CCTV gone wild
Western firms have never been as comfortable in China as in, say, the Cayman Islands or BVI. Beyond the obvious reasons to prefer Caribbean jurisdictions (Indo-Trinidadian cuisine, syntactic diversity of Virgin Islands Creole dialects), some say they are also “business friendly” – never to be taken for granted in China. Take Microsoft’s China boss, who this week gave a full review of his company’s experience in China. On the plus side was stronger IP enforcement; but Beijing’s ban on X-boxes didn’t help. “They also consistently overcook my eggs, even though that’s like, you know, usually a pretty safe choice,” he added, apparently throwing in a review of the Lanzhou la mian joint two blocks from the firm’s Beijing campus. Foreign firms also gripe about the ritual whippings assigned by lottery on March 15. For the thaumatologically ignorant, this date is known as “Consumer Rights Day,” when China’s state media solemnly fulfill their priestly obligations to sacrifice foreign firms and appease the devilishly inscrutable gods of Zhongnanhai. This week it was the turn of McDonald’s and Carrefour, exposed for McNugget malfeasance and chicken mislabeling, respectively. There was much weeping and gnashing of teeth at Carrefour, which no doubt remembered when the vicars in Chongqing turned their anger on Wal-Mart. McDonald’s also said sorry, but let’s face it: getting worked up about a couple of cool nuggets at Mickey D’s is like accusing the BVI of lacking corporate social responsibility laws – you need to seriously think about why you’re there.
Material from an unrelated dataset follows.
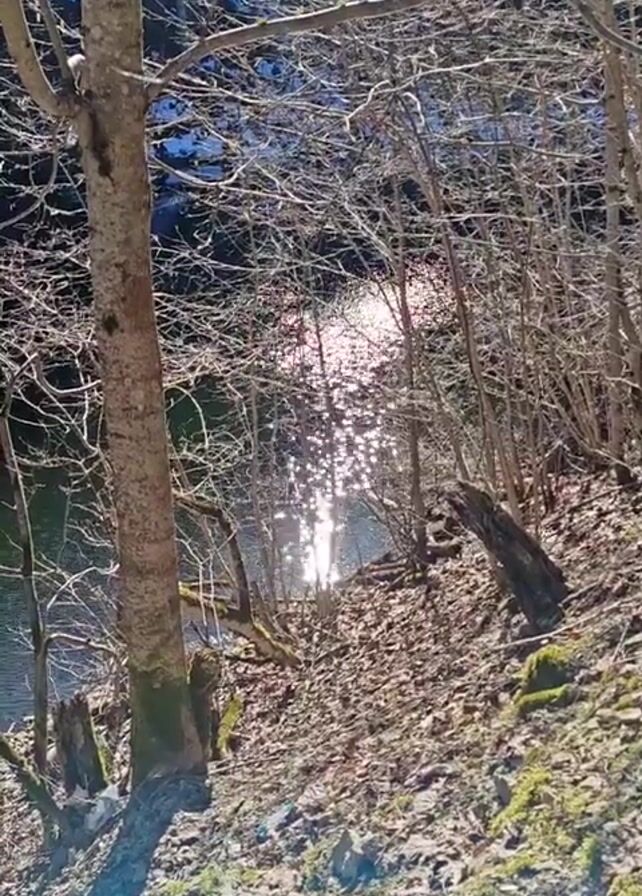 The scene is a woodland area with a body of water visible through the trees. The trees are mostly bare, with only a few small branches visible. The ground is covered with fallen leaves and twigs. The sun is shining brightly and reflecting off the water, creating a sparkling effect. The overall tone of the video is peaceful and serene.

Of back rubs and Communist sing-alongs
The training wheels are off and that young whippersnapper-in-waiting Xi Jinping has shown he can bandy about rhetorical doublespeak with the best of them. We at CER were just starting to get over the traumatic sacking of our favorite headline-grabbing Communist crooner Bo Xilai, when Xi had to go and rub MSG in the wound. In what is viewed as a critique of Bo, Xi called in an essay published Friday for party purity, consensus-driven policy making and weekly Politburo back-rub circles (Bo always was anti-back rub). China’s representative to the UN Security Council heard Xi’s message of togetherness and brought his own version of it to world stage. After weeks of holding up the Security Council by blaring Drowning Pool’s “Let the Bodies Hit the Floor,” the Chinese delegate turned off the boom box and joined with other member states to pass a resolution condemning violence in Syria – though a key back-rub-circle provision failed after the sourpuss UK delegate refused to touch his French counterpart. (Russia’s point of information: “Why we needs back-rub circle? In (post-) Communist Russia, back rubs you!”) The UN agreement called for “a democratic, plural political system” – Is this a sign China has strayed too far from its Communist roots? Perhaps Bo should be released from his padded cell to lead us all in some Cultural Revolution-era anthems. But it may be too late for that: An inside source that tells us that Bo’s reeducation has been quite successful, to the point that he is cooking up some new revolutionary songs for his red campaigns. Readers, let us break you off a lil’ preview of this remix:
“The east is red, the sun rises! China has produced Xi Jinping. He is the people’s happiness! Hurrah! He is the people’s great savior!”